> **Instructions for the task**
Include the line containing "为了让左上角的出现返回,我们需要一个入口页面(没有内容的),当入口页面 onShow 时,则" and all lines before it, repeated exactly from the listing below, without pictures.

> **Entries shown**

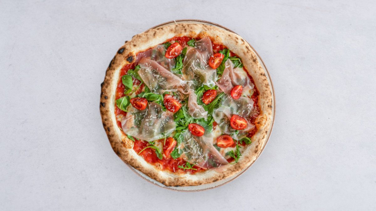 San marzano, mozzarella fior di latte, prosciutto crudo, pomidorki cherry, parmezan D.O.P, rukola
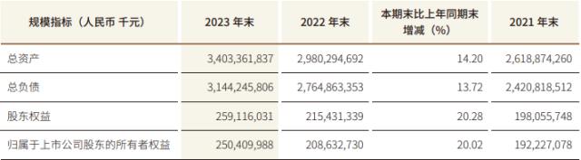 资产负债方面,年报披露,截至2023年末,江苏银行总资产34033.62亿元,同比增长14.2%;总负债31442.46亿元,同比增长13.72%。
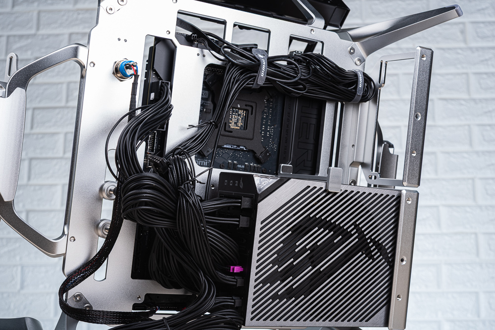 背面電供安裝 ROG THOR III 1000W 大電源,加上魔鬼氈理線固定,即可輕鬆整理線材。
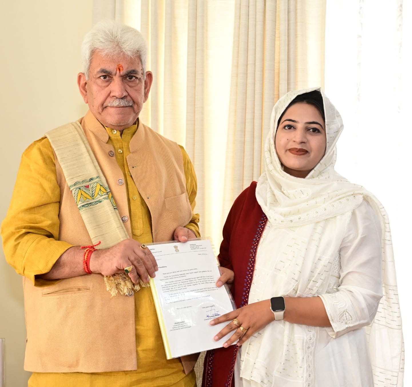 JAMMU: Tazeem Akhter, Chairperson of District Development Council Poonch called on Lieutenant Governor Manoj Sinha at Raj Bhawan today.
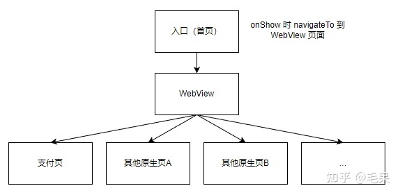 为了让左上角的出现返回,我们需要一个入口页面(没有内容的),当入口页面 onShow 时,则 navigateTo 到 WebView 页面。
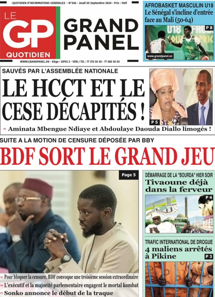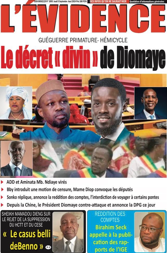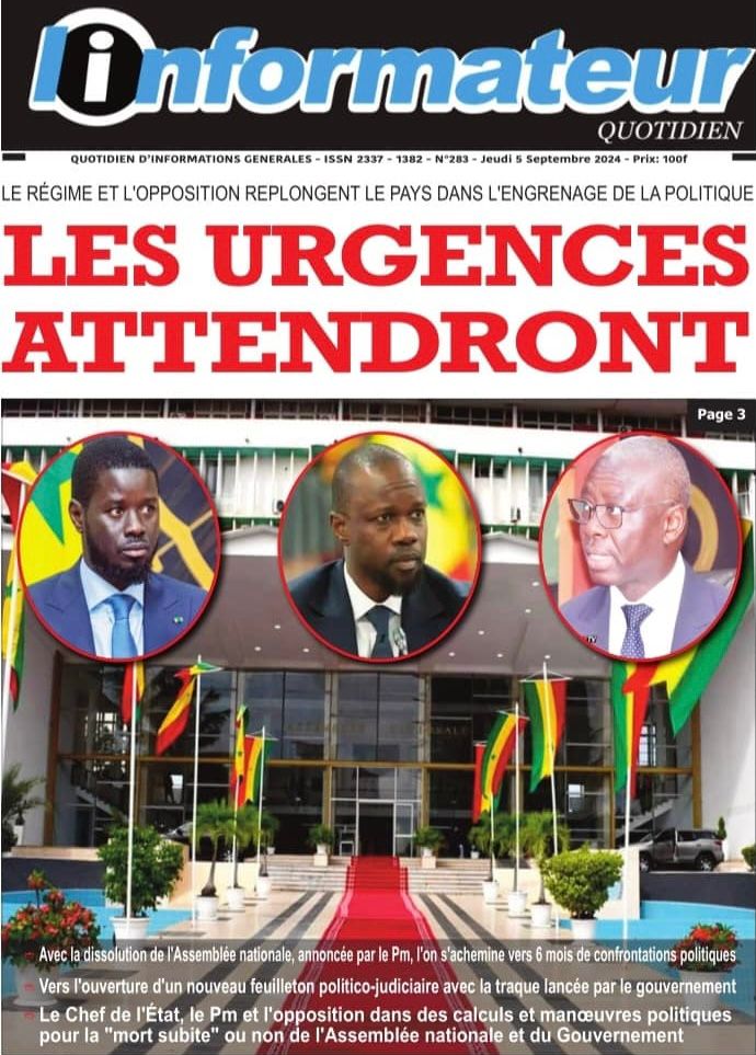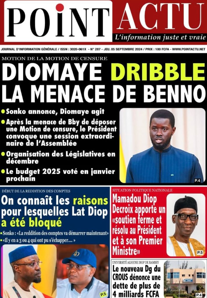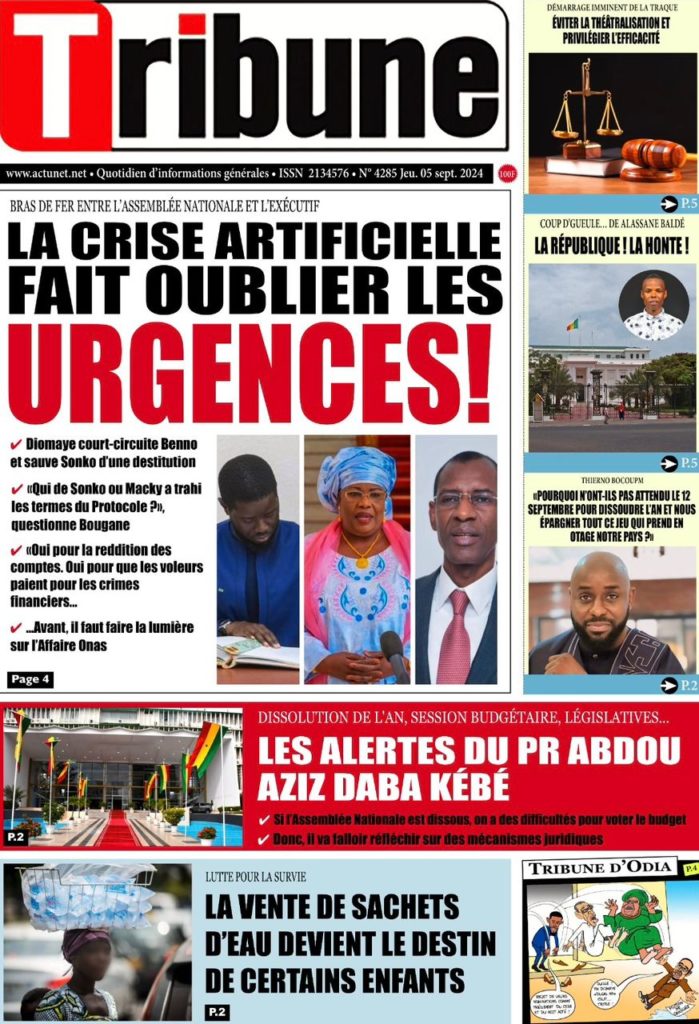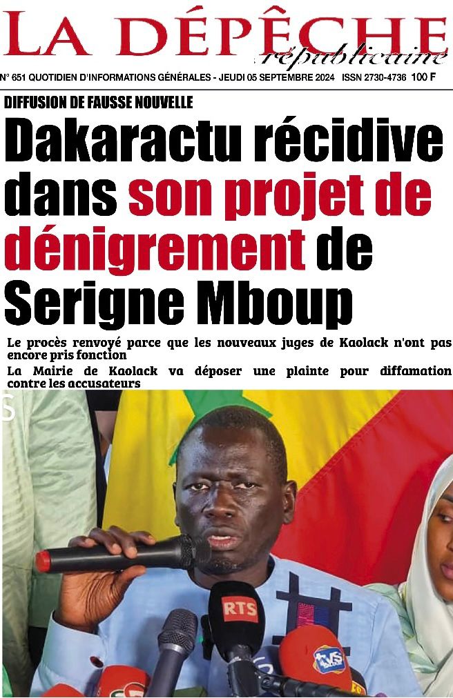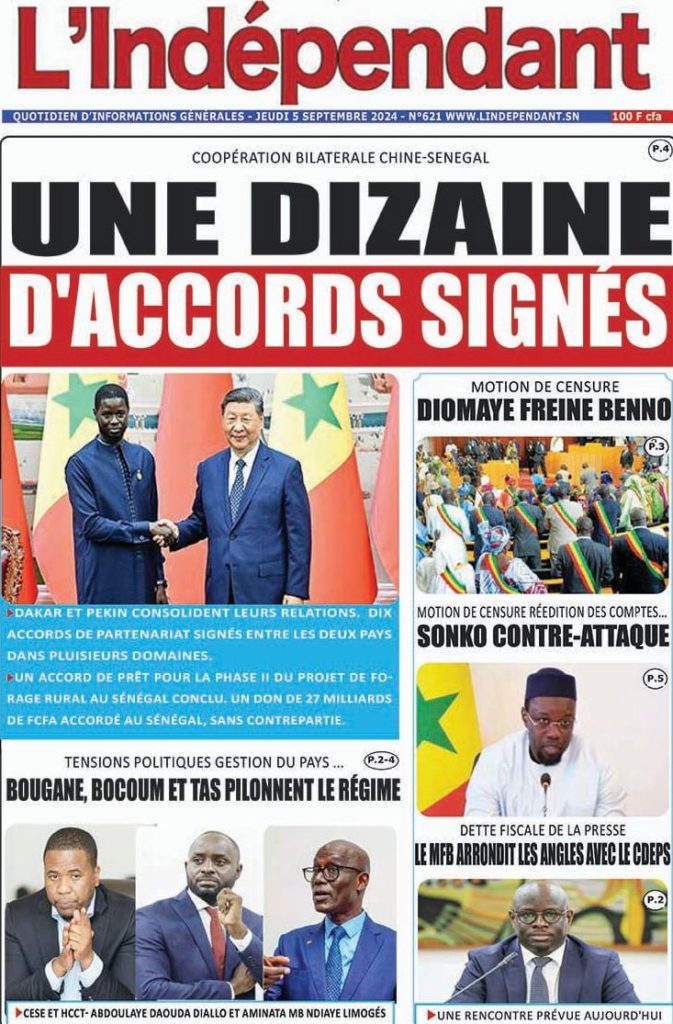 " /> La Une des Quotidiens Nationaux du 5 Septembre 2024 Publié le 5 Sep, 2024 À DÉCOUVRIR Les Unes des quotidiens nationaux du 11 novembre 2025 11 Nov, 2025 La Rédaction de SenCaféActu Partager ->
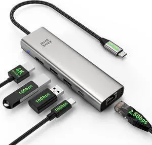 6-in-1 USB-C Hub/Multiport Adapter with 4K 60HZ HDMI, USB C Data Port, 1Gbps Ethernet, 100W Power Delivery, 2 USB 3.0 Port, for MacBook Pro Air M1, iPad Pro Air 2022-2018, XPS
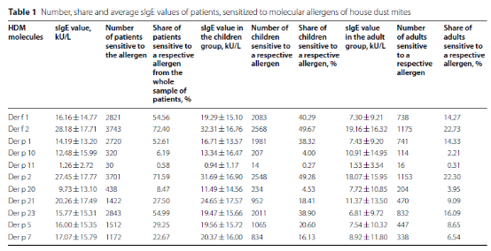 Conclusion: The results obtained indicate the importance of determining the sensitization profile using the multicomponent approach. A more detailed study of the optimal age for AIT prescription is required as the pattern of sensitization to HDMs is formed during the first year of life.
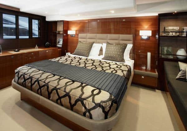 The master stateroom spans the full beam amidships, with a stylish padded headboard for the king-size centerline berth and huge ports that provide a view of the surroundings. A note on these ports: Rather than the usual separately fitted panes used on many yachts, Princess uses a massive single frame with its own mullions, recessed in the hull side for protection.
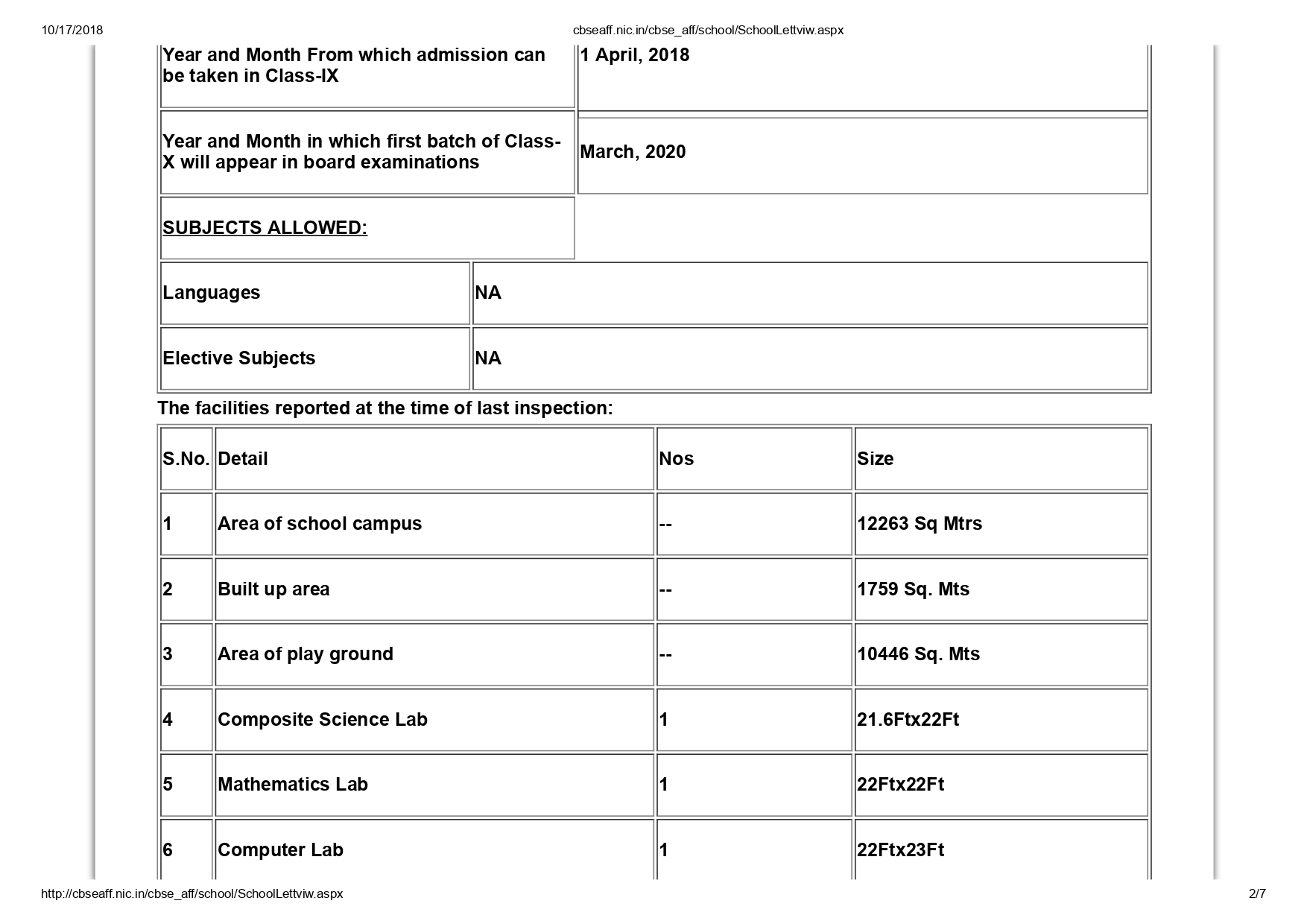 No. and size of the classrooms in sq mts - 500 sq’ft
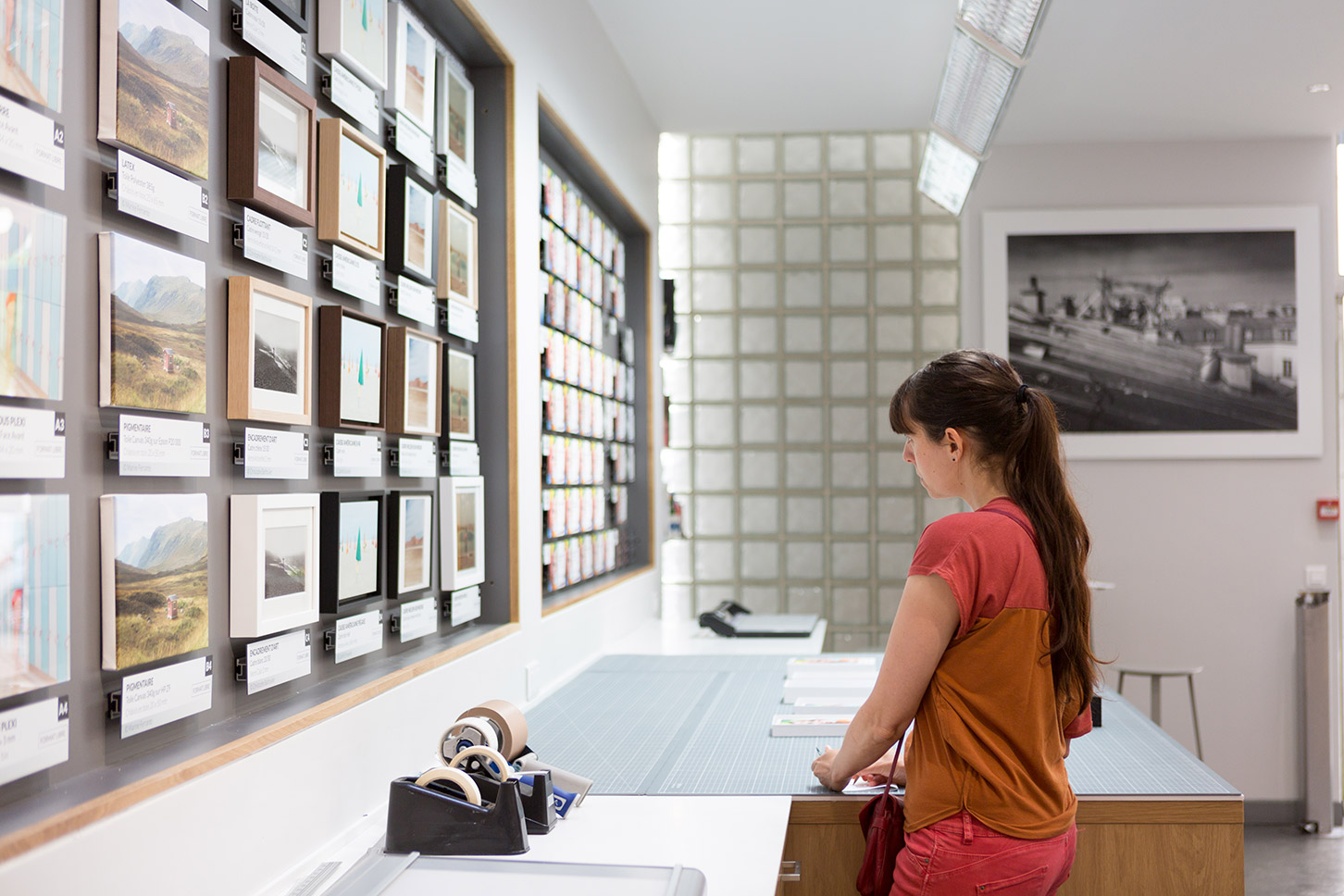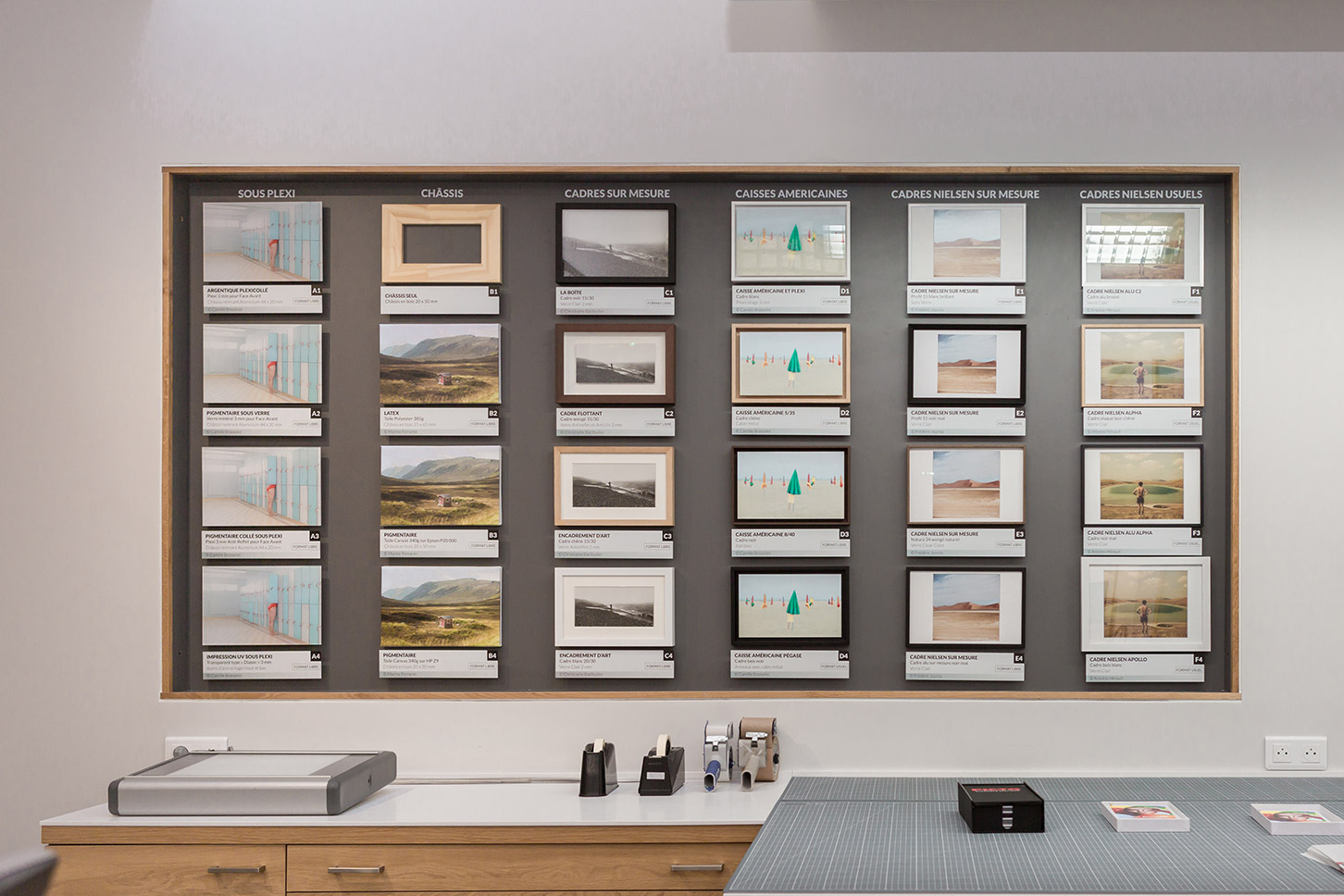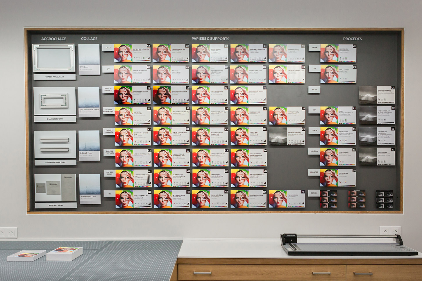 Aujourd’hui, ce nouveau showroom spacieux et lumineux réunit l’accueil, un espace de consultation de commande et un open space avec les conseillers du laboratoire à l’écoute des photographes. Vous retrouverez dès l’entrée, l’ensemble des prestations proposées par typologies allant du tirage jusqu’aux finitions vous permettant de consulter un large choix d’échantillons.
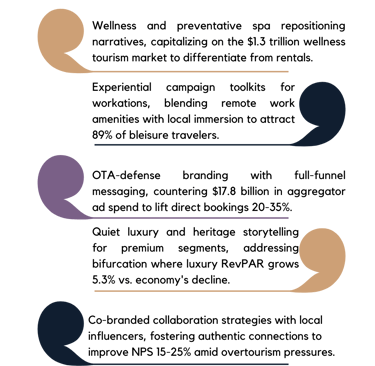 Authentic narratives that resonate in a personalized world: wellness-focused repositioning, experiential campaigns for workations, and visual storytelling that cuts through OTA noise.
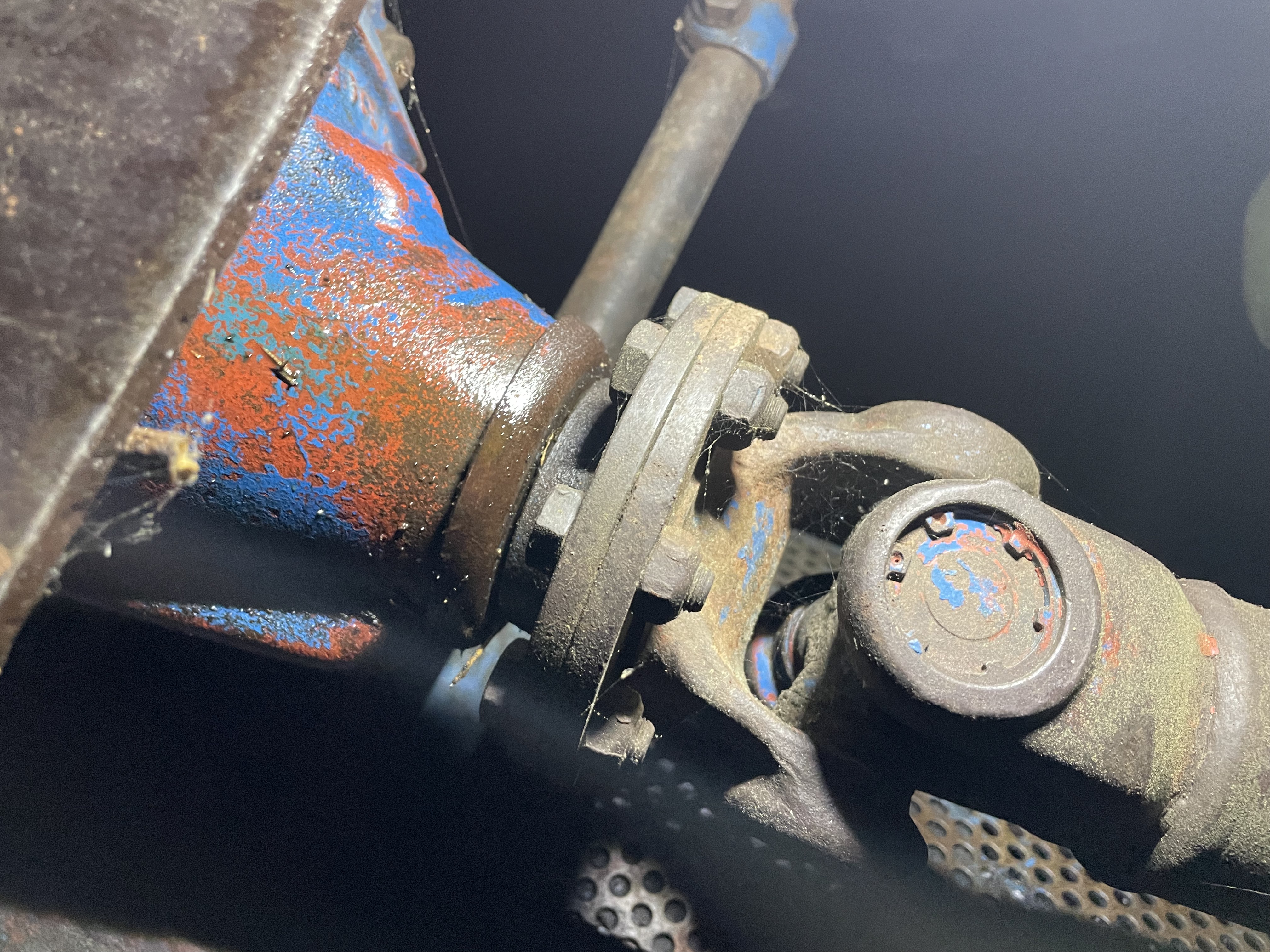 Je m'apercois sur le même Ford, que j'ai une fuite bien prononcée au niveau du cardan sur le pont av (ci joint la photo). Faut que je fasse le niveau car je pense qu'il a bien perdu .

> **Finished task**
 San marzano, mozzarella fior di latte, prosciutto crudo, pomidorki cherry, parmezan D.O.P, rukola
 资产负债方面,年报披露,截至2023年末,江苏银行总资产34033.62亿元,同比增长14.2%;总负债31442.46亿元,同比增长13.72%。
 背面電供安裝 ROG THOR III 1000W 大電源,加上魔鬼氈理線固定,即可輕鬆整理線材。
 JAMMU: Tazeem Akhter, Chairperson of District Development Council Poonch called on Lieutenant Governor Manoj Sinha at Raj Bhawan today.
 为了让左上角的出现返回,我们需要一个入口页面(没有内容的),当入口页面 onShow 时,则 navigateTo 到 WebView 页面。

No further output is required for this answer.